Task goal —
With the exception of the pictures, write out the data below precisely.

(Collection entries)
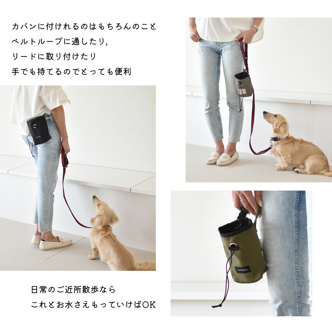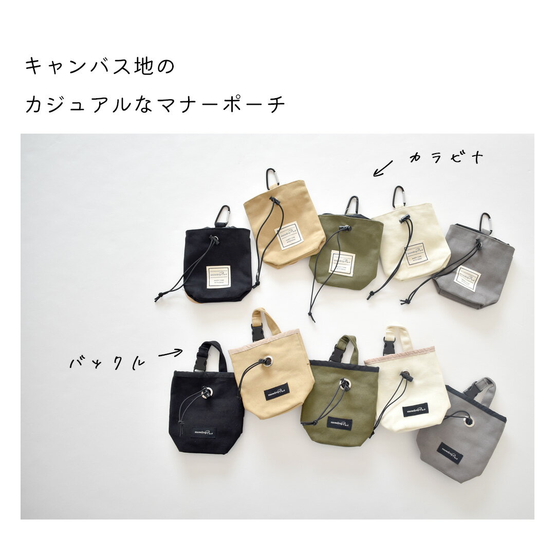 商品について 特 徴 オリジナルお散歩バッグとお揃いの、軽くて丈夫なギュッと閉まるコットン巾着マナーポーチ。 排泄物の匂いが漏れにくいギュッと閉まる巾着型。 バックルタイプとカラビナタイプの2タイプ。 ポーチ外側にはポケットティッシュやマナー袋が入るポケット付きで機能も充実。 カラビナ・バックル付きなので、お散歩バッグやベルト通しにも取り付けられます。 ギュッと絞るだけなのでおやつやタオルなどを入れてもサッと取り出せとても便利! 当店人気のコットン素材のお散歩バッグとお揃いで使っていただけます。 シンプルなデザインなのでユニセックスで使えます。 素材 表地 ・綿 100% 裏地 ・ポリエステル100% カラー ・バックルアイボリー ・バックルベージュ ・バックルカーキ ・バックルチャコール ・バックルブラック ・カラビナアイボリー ・カラビナベージュ ・カラビナカーキ ・カラビナチャコール ・カラビナブラック 注意事項 ※できるだけ設定実寸での仕上がりとなるよう生産しておりますが、若干の個体差がありますので、+−1〜2cm程度の誤差はご了承いただきますようお願いいたします。 ※PC画像・光により実物と画像のカラーが異なる事があります、 出来る限り近いお色の物にさせて頂いておりますがご了承下さい。 ※他店販売もしていますので確認・注意はしていますが店頭にて品切れの場合、 キャンセルさせて頂く事があります、御了承下さい。 DOGサイズ・DOGモデルについて詳しくはこちらから→
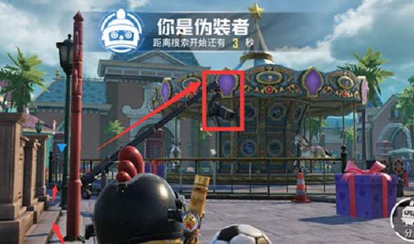 在广场那里会有一个黄色的餐车,玩家可以变身成小物件,然后跳到餐车中,这个位置十分隐蔽即使有排查区也扫不到,不过不要分身,不然太引人注意了。
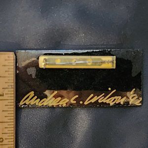 Vintage (1992) brooch. Rectangular shape. Earth tones with unusual design. Plastic. Approx. measurements: 2 3/4" x 1 1/4" Singed by artist on back with date. Initials "AW" on front. ?Andrea C. Wilson? Some wear and tear; on back of brooch coating has started to come off. Please see photos. The photos are part of the description. Smoke free home. Unable to bundle.
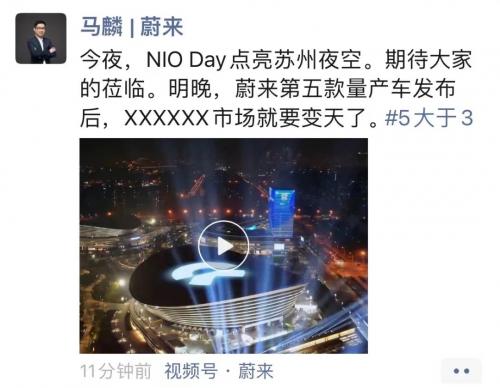 在NIO Day举办的前一天,ET5还没发布其实就引起了一阵“火药味”。蔚来企业传播高级总监马麟在其朋友圈发布了一条消息,称“蔚来第五款量产车发布后,XXXXXX市场就要变天了。#5大于3”
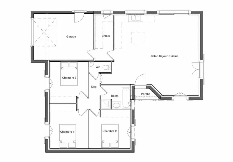 Cette maison de 92 m², conçue en plan en L, offre un cadre de vie idéal pour toute la famille. Avec ses trois chambres spacieuses et ses quatre pièces bien agencées, elle combine confort et fonctionnalité. Le modèle Eysines se distingue par son porche accueillant et son toit à deux pans ou quatre pans, selon vos préférences.
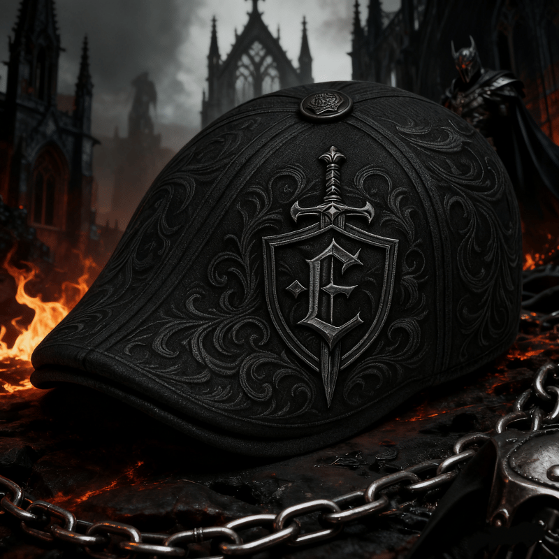 Crafted by Hand Embroidery-Knight’s Crest Flat Cap
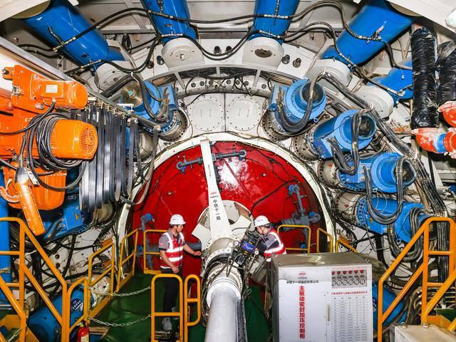 中铁十一局工作人员在调试甬舟铁路金塘海底隧道“定海号”盾构机主驱动。张玺摄

Result —
 商品について 特 徴 オリジナルお散歩バッグとお揃いの、軽くて丈夫なギュッと閉まるコットン巾着マナーポーチ。 排泄物の匂いが漏れにくいギュッと閉まる巾着型。 バックルタイプとカラビナタイプの2タイプ。 ポーチ外側にはポケットティッシュやマナー袋が入るポケット付きで機能も充実。 カラビナ・バックル付きなので、お散歩バッグやベルト通しにも取り付けられます。 ギュッと絞るだけなのでおやつやタオルなどを入れてもサッと取り出せとても便利! 当店人気のコットン素材のお散歩バッグとお揃いで使っていただけます。 シンプルなデザインなのでユニセックスで使えます。 素材 表地 ・綿 100% 裏地 ・ポリエステル100% カラー ・バックルアイボリー ・バックルベージュ ・バックルカーキ ・バックルチャコール ・バックルブラック ・カラビナアイボリー ・カラビナベージュ ・カラビナカーキ ・カラビナチャコール ・カラビナブラック 注意事項 ※できるだけ設定実寸での仕上がりとなるよう生産しておりますが、若干の個体差がありますので、+−1〜2cm程度の誤差はご了承いただきますようお願いいたします。 ※PC画像・光により実物と画像のカラーが異なる事があります、 出来る限り近いお色の物にさせて頂いておりますがご了承下さい。 ※他店販売もしていますので確認・注意はしていますが店頭にて品切れの場合、 キャンセルさせて頂く事があります、御了承下さい。 DOGサイズ・DOGモデルについて詳しくはこちらから→
 在广场那里会有一个黄色的餐车,玩家可以变身成小物件,然后跳到餐车中,这个位置十分隐蔽即使有排查区也扫不到,不过不要分身,不然太引人注意了。
 Vintage (1992) brooch. Rectangular shape. Earth tones with unusual design. Plastic. Approx. measurements: 2 3/4" x 1 1/4" Singed by artist on back with date. Initials "AW" on front. ?Andrea C. Wilson? Some wear and tear; on back of brooch coating has started to come off. Please see photos. The photos are part of the description. Smoke free home. Unable to bundle.
 在NIO Day举办的前一天,ET5还没发布其实就引起了一阵“火药味”。蔚来企业传播高级总监马麟在其朋友圈发布了一条消息,称“蔚来第五款量产车发布后,XXXXXX市场就要变天了。#5大于3”
 Cette maison de 92 m², conçue en plan en L, offre un cadre de vie idéal pour toute la famille. Avec ses trois chambres spacieuses et ses quatre pièces bien agencées, elle combine confort et fonctionnalité. Le modèle Eysines se distingue par son porche accueillant et son toit à deux pans ou quatre pans, selon vos préférences.
 Crafted by Hand Embroidery-Knight’s Crest Flat Cap
 中铁十一局工作人员在调试甬舟铁路金塘海底隧道“定海号”盾构机主驱动。张玺摄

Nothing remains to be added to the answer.